The 25-year-old pace bowler Ganesan Periyasamy, who has been compared to Lasith Malinga is also called "Slinger from Salem"
Many sportspersons capture our imagination with their skill, strength and competitive spirit. A few others inspire us with their ability to overcome personal adversity and contretemps.
Only very few manage to totally floor us both with their sporting talent and through their spirited backstory.
Ganesan Periyasamy, the pace bowler from a nondescript village near Salem, who was adjudged the player of the tournament in the recently concluded Tamil Nadu Premier League (TNPL) tournament, is a sportsperson whose saga is sure to make it to most motivational speakers spiel in the coming days.
The young 25-year-old pace bowler, who has a Lasith Malinga-like action that has earned him the easy sobriquet "Slinger from Salem", was the highest wicket-taker in the TNPL with 21 scalps — a number that has never been achieved before in TNPL history.
In the nine matches he played, he had at least a wicket in every one of it. In the final, Periyasamy put in a bravura performance with a five-wicket haul (5/15) and helped his team Chepauk Super Gillies win the title in grand style.
As it happened, before he was picked up by Super Gillies in the 2019 player draft, Periyasamy had almost quit the sport due to the trying circumstances he found himself in.
Hailing from an obscure village named Chinnappampatti, situated 33 kilometres west of Salem, Periyasamy was born into a poor family, that included four siblings, two brothers and two sisters. Aside from his indigent circumstances, Periyasamy also had handicap: a bout of smallpox partially blinded his right eye.
Since then it was his affected eye that caught everybody’s attention. It hurt young Periyasamy so much he went into a shell, had very few friends and even dropped out of school.
But even during those troubled times, he found succour in playing tennis ball cricket and bowling.
“They talked about my eye and I stopped getting along with people. I dropped out of school. I studied only till seventh standard. I reared cattle and played tennis ball cricket,” he recalls his past without any rancour.
“Tennis ball cricket gave me a different feeling. That gave me an identity. That’s why I never let go of playing cricket,” he adds.
It was his passion for the game that led him to take part in the Under-19 state selection trials. He got selected and did play a few matches at the district-level for three years. But a bout of typhoid knocked him down and it was in this phase that he almost gave up the game. He began working at a saree weaving company to help his family tide over penury.
As it happened, it was around this time that Periyasamy also ran into coach Jayaprakash and another fast bowler from Salem, Thangarasu Natarajan.

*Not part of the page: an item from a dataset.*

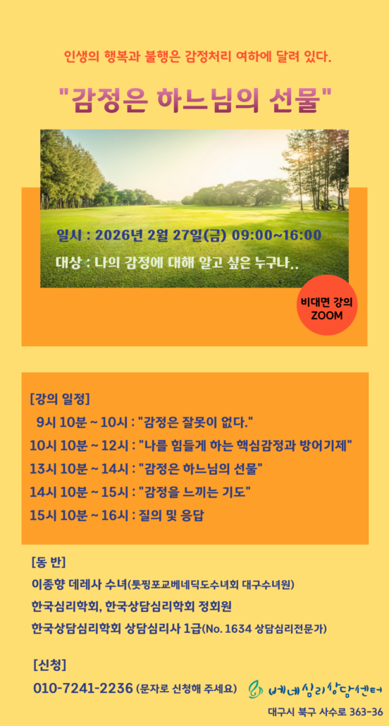https://benedictine.or.kr/wp-content/uploads/2025/12/수정-scaled.png25601371집지기https://www.benedictine.or.kr/wp-content/uploads/2019/04/newlogo2.png집지기2025-12-11 10:55:332026-01-06 16:37:56[모집] 베네심리상담센터 비대면 강의 – “감정의 하느님의 선물”

Jayaprakash, who runs two teams, was instrumental in shaping up Natarajan’s rise. The left-arm pacer, who was picked up for Rs 3 crore by Kings XI Punjab in the 2017 Indian Premier League (IPL) auction, too had humble beginnings as his father was a daily wage powerloom worker and his mother ran a roadside eatery.

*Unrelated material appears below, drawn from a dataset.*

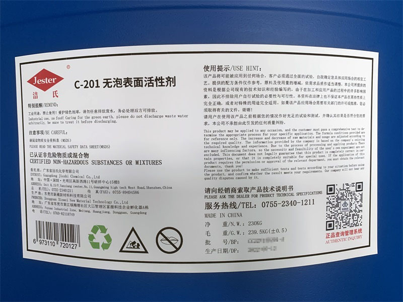 C-201无泡表面活性剂是一种醇醚类无泡乳化剂,在绿色工业用途、清洗、日化洗涤中广泛使用,在行业标准化绿色体系中得到认可。

A chance meeting at the village saloon with Jayaprakash became the turning point in Periyasamy’s life.
“I met Jayaprakash sir in a saloon. I am usually too shy to initiate a conversation with anybody. He asked me why I wasn’t playing, I told him I had to take a break of three years because of typhoid. I used to get severe knee aches and I wasn’t able to run properly. I used to get tired very easily. I told him was going through a hard time,” he says.
However, Jayaprakash was impressed with what he had heard about Periyasamy's bowling, and so he decided to back him.
"He took me to the hospital. He used to come and pick me up by 4 am and take me to hospital in Coimbatore and drop me back home. It was not his job to do all that, yet he did it. He did not expect anything in return. He wouldn’t even let me thank him. He said it was his duty to take care of me and my duty was to play. He’d say that he does all this because I have the talent. He never got a rupee from me,” Periyasamy is quoted as saying.
Natarajan also chipped in with whatever he could. He got Periyasamy his shoes and attire. But Periyasamy, given his background and situation, was constantly plagued by self doubt. He was also riven by a complex that he was unable to speak in English. He felt insecure and wanted to chuck it all. But Jayaprakash and Natarajan counselled the young fast bowler and helped him get back his confidence.
“Six months back, Jayaprakash sir and Natarajan came and talked to my family. They asked my family to give me a period of six months. They promised that they will take care of me and my family wouldn’t have to spend a penny for me. And that is how I came here (in TNPL),” he recalls.
Periyasamy’s journey in 2019 TNPL is a testimony to his new-found self belief and, of course, his talent to deliver missile-guided yorkers that are so paramount to the shorter formats of the game. Periyasamy is already being talked of as the next possible star of the IPL.
Periyasamy is not ready to think of that and put pressure on himself. Right now, he is content to bask in new spotlight he finds himself under. His just wants to retain that one-eyed passion for the game.
"As for as future goes, I am just looking to bowl well and improve my pace further. The rest is in the hands of God," he says philosophically.